Reputation: 787
I have multiple large files that I need to import and iterate through them - all of them are xmls and have the same tree structure. The structure is something like this with some extra text apart from the ID so under the Start there are more children element tags: What I would like to do, is to input a list of Ids which I know is wrong and remove that report from the whole XML file. One report is between two "T"s.
<Header>
<Header2>
<Header3>
<T>
<Start>
<Id>abcd</Id>
</Start>
</T>
<T>
<Start>
<Id>qrlf</Id>
</Start>
</T>
</Header3>
</Header2>
</Header>
What I have so far:
from xml.etree import cElementTree as ET
file_path = '/path/to/my_xml.xml'
to_remove = []
root = None
for event, elem in ET.iterparse(file_path, events=("start", "end")):
if event == 'end':
if elem.tag == 'Id':
new_root = elem
#print([elem.tag for elem in new_root.iter()])
for elem2 in new_root.iter('Id'):
id = elem2.text
if id =='abcd':
print(id)
to_remove.append(new_root)
root = elem
for item in to_remove:
root.remove(item)
So the above code obviously doesn't work as the root is the whole xml file starting with Header and it can't find exactly the subelement that I am referring to remove, as its parent is Header3 not Header.
So the desired output would be:
<Header>
<Header2>
<Header3>
<T>
<Start>
<Id>qrlf</Id>
</Start>
</T>
</Header3>
</Header2>
</Header>
Going forward it is not a single value that I am to input to remove but thousands of values, so going to be a list, I just thought it is easier to represent the problem this way. Any help is appreciated.
Upvotes: 0
Views: 1108
Reputation: 167716
I think you can use
ids_to_remove = ['abcd']
elements_to_remove = []
for event, element in ET.iterparse('file.xml'):
if element.tag == 'T' and element.find('Start/Id').text in ids_to_remove:
elements_to_remove.append(element)
if element.tag == 'Header3':
for el in elements_to_remove:
element.remove(el)
el.clear()
if element.tag == 'Header':
root = element
ET.dump(root)
I haven't tested how that works with huge files, obviously it collects all elements to be removed first and finally removes them, I am not sure there is a way in the ElementTree API to detach element
in the if element.tag == 'T' and element.find('Start/Id').text in ids_to_remove:
branch, perhaps the following frees the element earlier:
ids_to_remove = ['abcd', 'baz', 'bar']
for event, element in ET.iterparse('file.xml', events = ['start', 'end']):
if event == 'end' and element.tag == 'T' and element.find('Start/Id').text in ids_to_remove:
header3.remove(element)
element.clear()
if event == 'start' and element.tag == 'Header3':
header3 = element;
if element.tag == 'Header':
root = element
ET.dump(root)
Upvotes: 1
Reputation: 720
Since your XML stucture is simple it's probably easier to use Xpath (about 1/3rd the way down https://docs.python.org/3/library/xml.etree.elementtree.html).

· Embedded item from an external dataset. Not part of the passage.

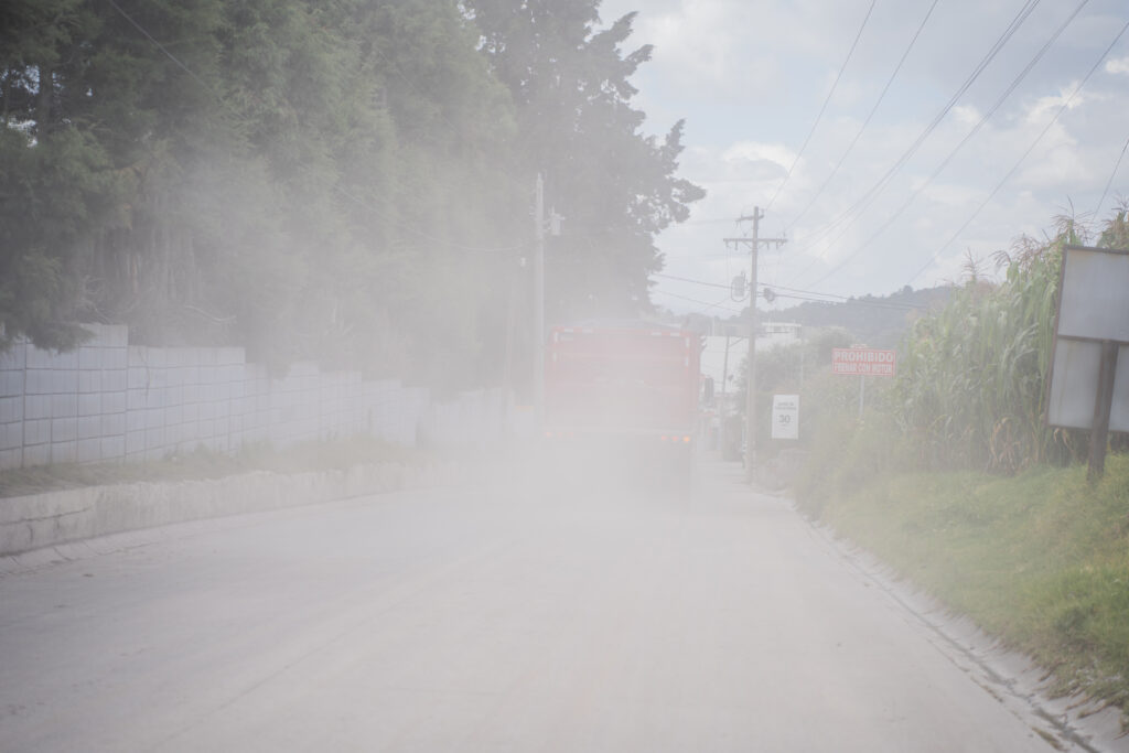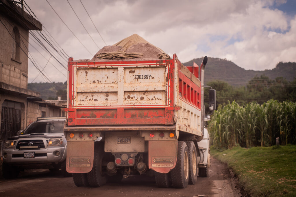 Minutos después, los camiones pasan de nuevo, y el polvo vuelve a flotar en el aire.

The following are the usage examples from that section of the documentation page:
import xml.etree.ElementTree as ET
root = ET.fromstring(countrydata)
# Top-level elements
root.findall(".")
# All 'neighbor' grand-children of 'country' children of the top-level
# elements
root.findall("./country/neighbor")
# Nodes with name='Singapore' that have a 'year' child
root.findall(".//year/..[@name='Singapore']")
# 'year' nodes that are children of nodes with name='Singapore'
root.findall(".//*[@name='Singapore']/year")
# All 'neighbor' nodes that are the second child of their parent
root.findall(".//neighbor[2]")
The XML stucture used for the examples can be found at the top of the doc page.
The second example shows an easy way to select the subelements you want to be removed ("T" in your case) but in your case the 2nd last case may be more useful. But see the [tag='text'] operation in the Xpath Syntax section that appears just below the examples.
Send the results of that operation to the remove operation (~3/4 down the page) followed by the XMLtree write operation (~4/5ths down the page) to get the cleaned up XML.
The above assumes you are passing a string, you have to use parse to input from a file, e.g :
import xml.etree.ElementTree as ET
tree = ET.parse('country_data.xml')
root = tree.getroot()
** DISCLAIMER *** I'm doing similar work but I haven't actually tried doing this. So think of this as inspiration, not as a complete solution.
BTW, I'm using python 3.7.4. For those who don't alreaay know, you can use the version selector at the top left of the doc page to select the version you are using.
Upvotes: 1